— Я утешаю себя тем… — начала пани Марья, но голос ее опять дрогнул. — Да что там: в мае увидимся. — Она улыбнулась. — Желаю вам успехов, дети! Будьте здоровы!
«Керовничиха» медленным шагом прошла в учительскую.
Панна Рузя вышла проводить ее на улицу, а дети кинулись к окнам. Не зная, что бы им сделать, чтобы пани Марья их поняла, они кричали в окна и махали руками.
А Даник — так он забрался коленями на подоконник и, как в тот запомнившийся на всю жизнь день, когда на тротуаре перед школой голосила женщина, взялся рукой за раму форточки. Вот-вот, кажется, крикнет. Но у него перехватило горло.

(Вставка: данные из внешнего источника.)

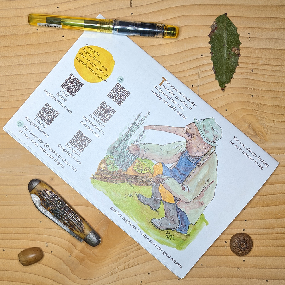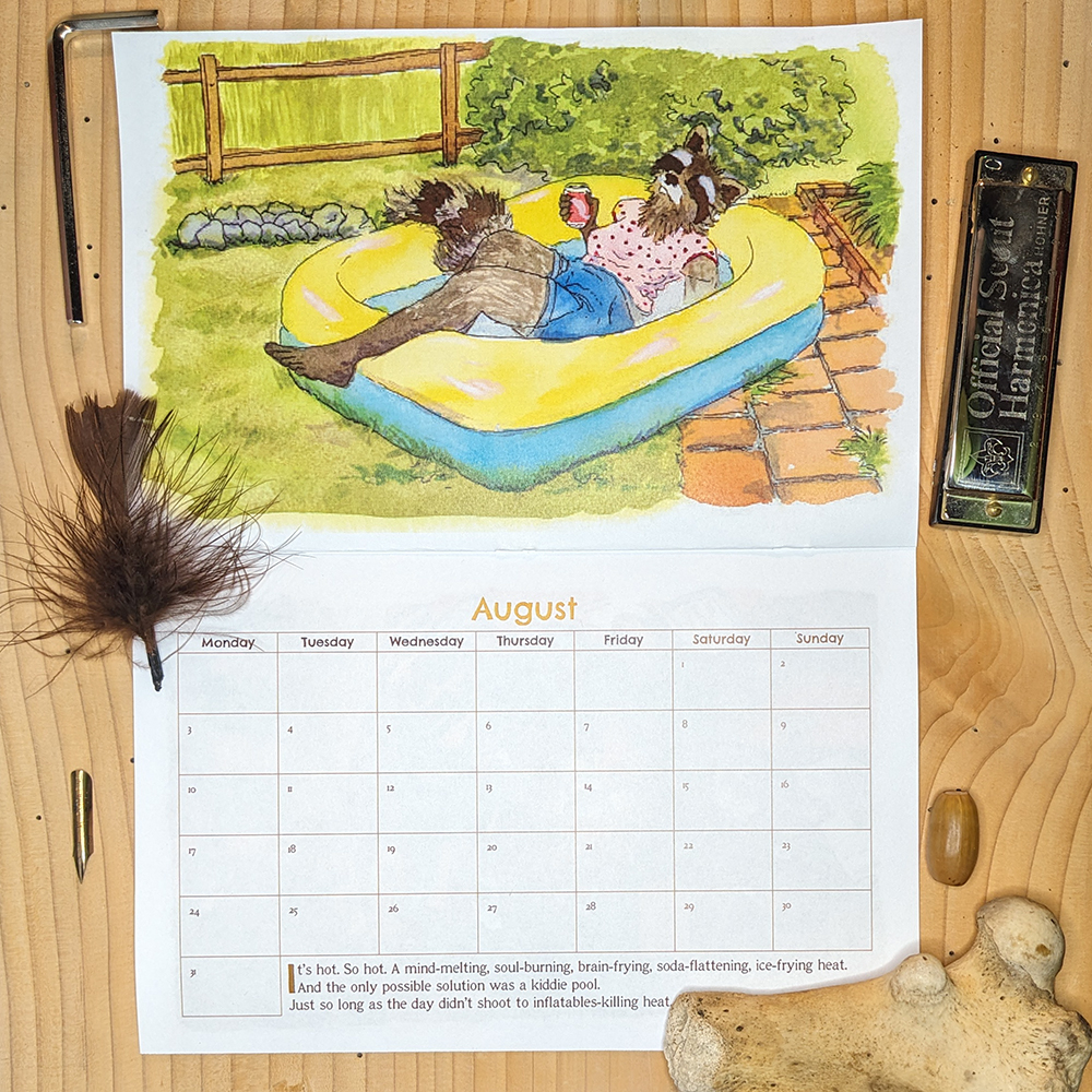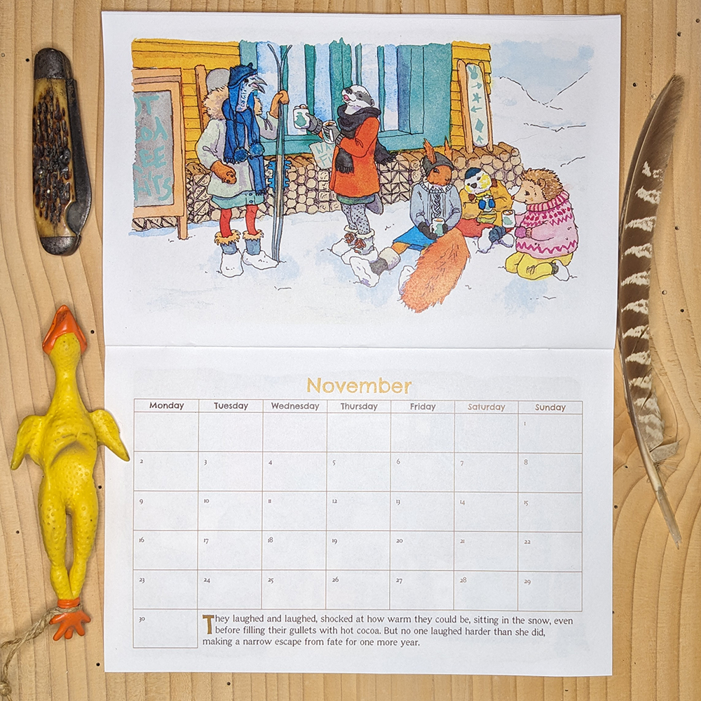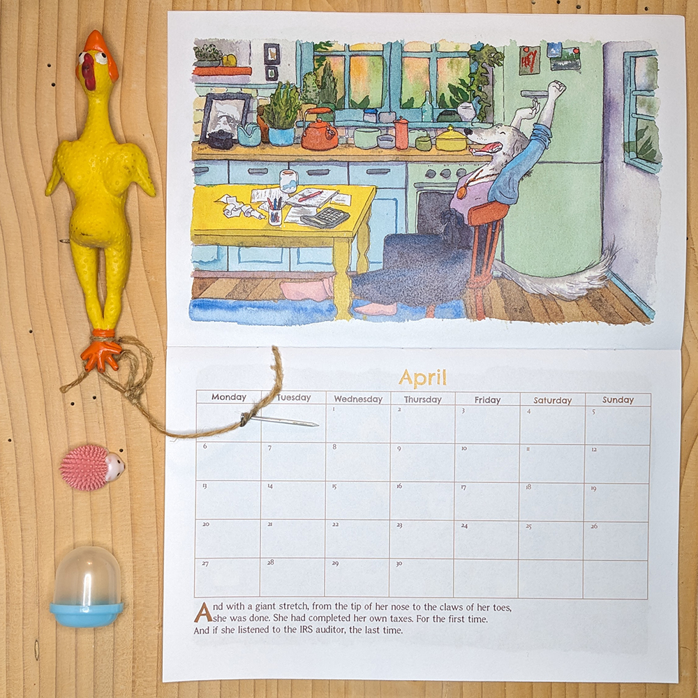 Wonderful animal women adorn this 2026 calendar (January start). The illustrations were originally hand-drawn in ink and pen, then watercolored. A very short fiction accompanies each illustration. Despite being mere sentences, each is intended to give you a little giggle. A bright spot in your month, but hopefully every week or day.
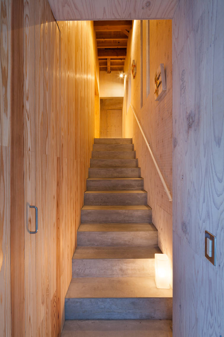 われわれは家族の個人のプライバシーを尊重しながらも家族としてのつながりを意識させるため、それぞれの部屋に個性(さまざまな仕上げ)を持たせ、立体的な入れ子、あるいは家の中に部屋という箱を積み上げていくようなデザインに辿り着きました。
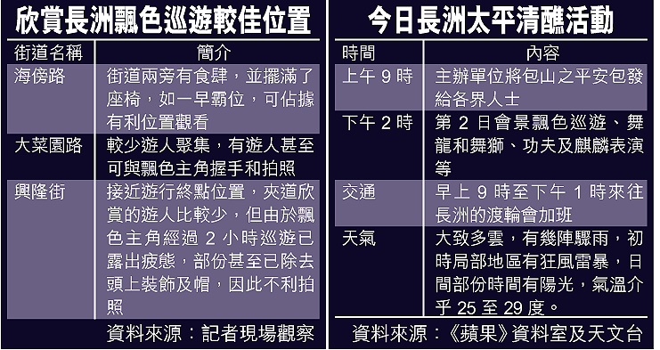 飄色巡遊今天下午2時再度上演,市民不妨在海傍路的食肆邊吃飯邊等候,否則可在3時過後,巡遊隊伍回程時才加入,因為到時人潮漸散,便有機會與表演者合照。
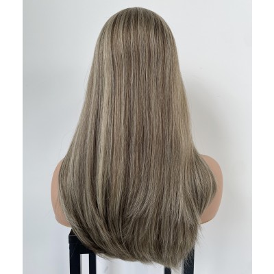 Virgin Cuticle Cut Hair Kosher Wig Highlights Blonde Straight Jewish Wig Topper Kippah Fall
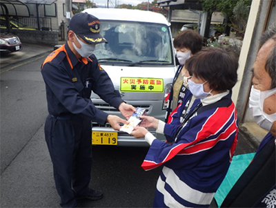 単体の女性防火クラブ活動の一環として各家庭の住宅用火災警報器や住宅用消火器の状況確認などを行っており、その際にあわせて防火啓発品を配布する予定です。
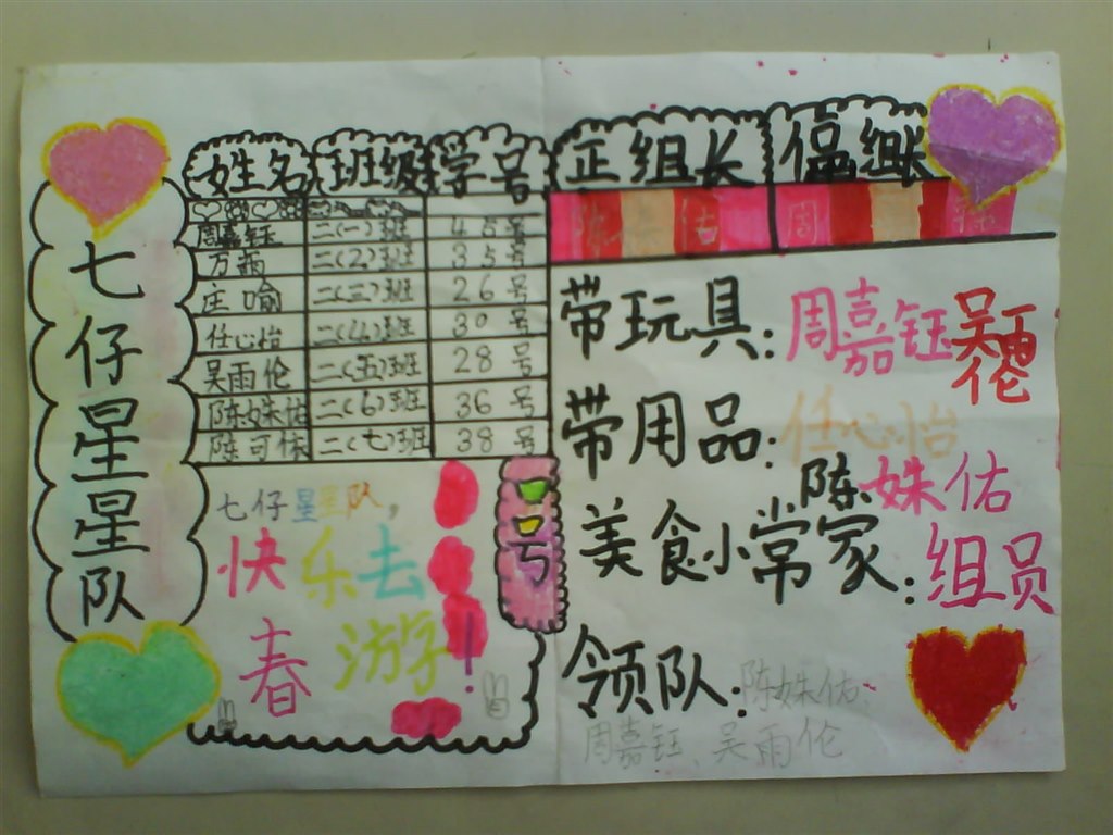 二年级的孩子们组建了假日小队,人员自由组合。有了自主权,孩子们的创造力便立刻发挥出来。他们像模像样地招兵买马,成立小队。人员定好,他们便坐在一起商议小队队名,设计小队标志和宣传口号,忙得不亦乐乎。一切准备就绪后,他们又立刻进行详细的分工:小小服务员负责带餐布、垃圾袋;小小营养师负责协调分配所带食物;小小监督员负责管理纪律;小小设计师负责设计在草坪上的游戏……呵,这些富有童趣的小职位还真是我们老师没想到的。进行了细致的分工后,各小队又制定了详细的安全与文明公约,一切准备就绪,满心期待着春游的到来!
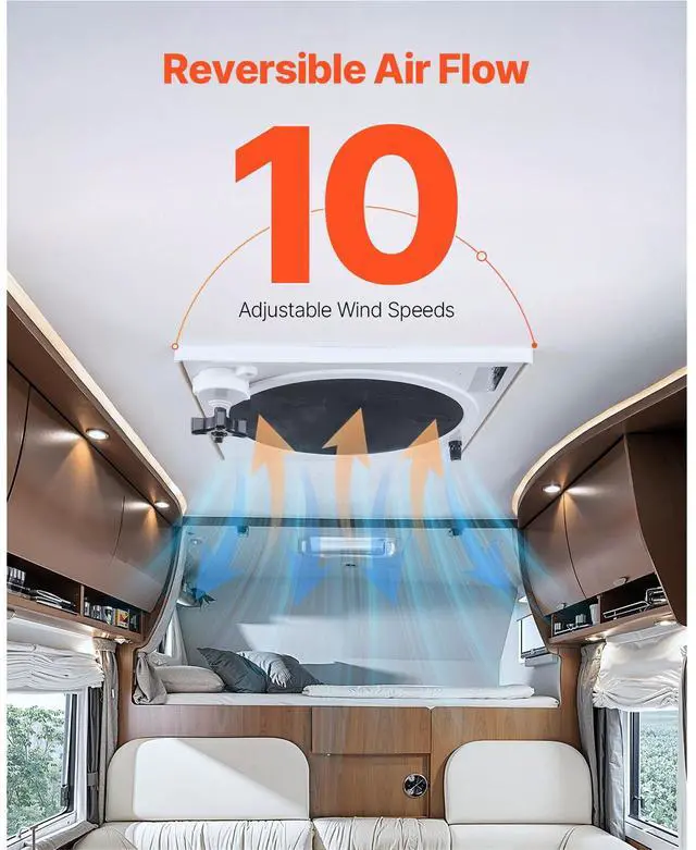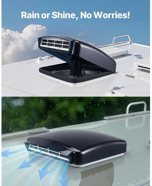 RV Vent Roof Fan 14 inch Reversible with Rain Cover Power Top Lid
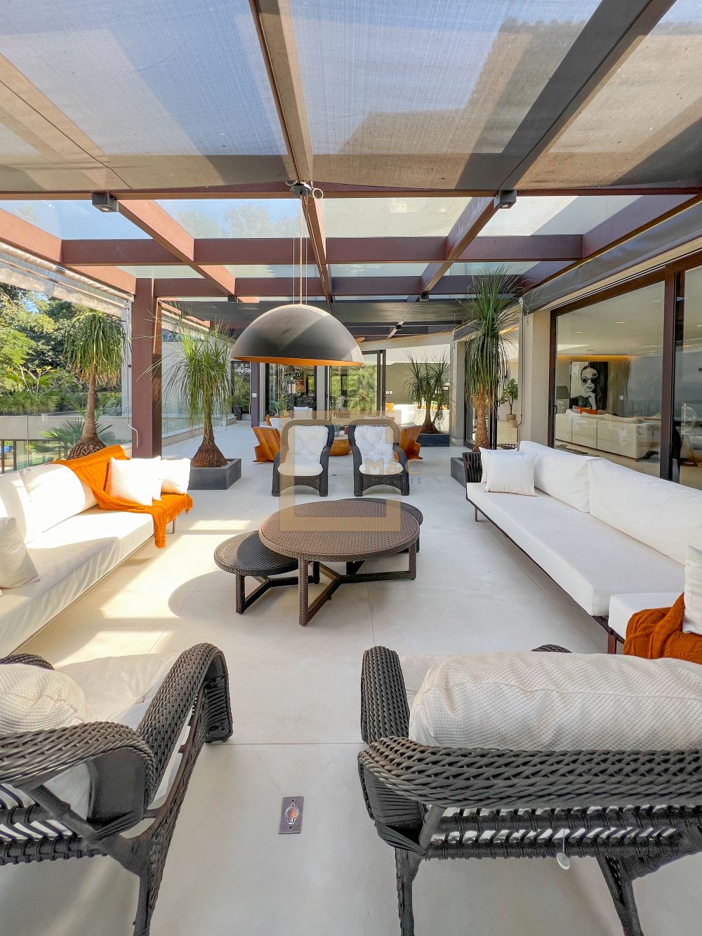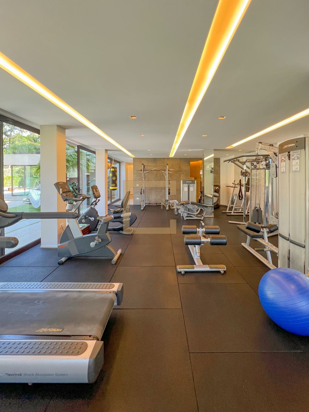 Salas envidraçadas com um sistema de ar condicionado central, voltadas para varanda, integradas a área verde e piscina;
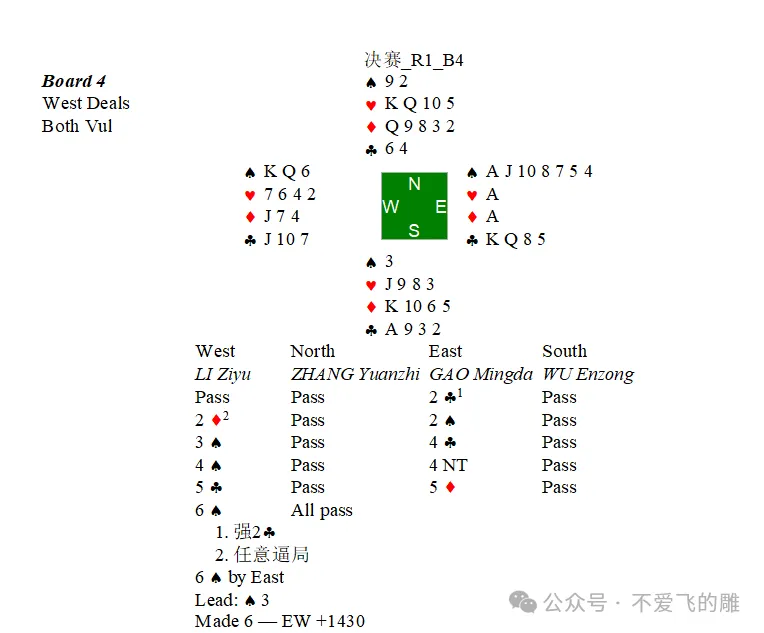 编者注:西家当时准备打庄家♠Ax♥A9xxx♦QJx♣Jxx,回♣庄家♣A吃进飞♥,然后出♣,庄家还是继续出♣犯错。南家的开叫比较像有♠A,同伴又给的♦花选,在拿着♠Qxx♥xx♦T987542♣8,在北家直接♣4配显后也没有合适的行动,符合叫牌进程,这时候真的需要信号的帮助了。

Пани Марья поднялась на пригорок перед школой, оглянулась, помахала рукой и пошла. На середине площади оглянулась еще раз, еще раз помахала. Даник вздрогнул, хотя и сам, кажется, этого не заметил. Мальчику показалось, что помахала она одному ему, в последний раз и — навсегда…
— Ну, не прохвосты вы?! — кричала, стоя перед классом, «девка в разуме». — Хотя бы ты, Данель Малец. Взгромоздился, божий конь, с ногами на окно. Дикарь!
Даник сидел опустив глаза.
Панна Рузя походила по классу, заложив руки за спину, потом остановилась у печки.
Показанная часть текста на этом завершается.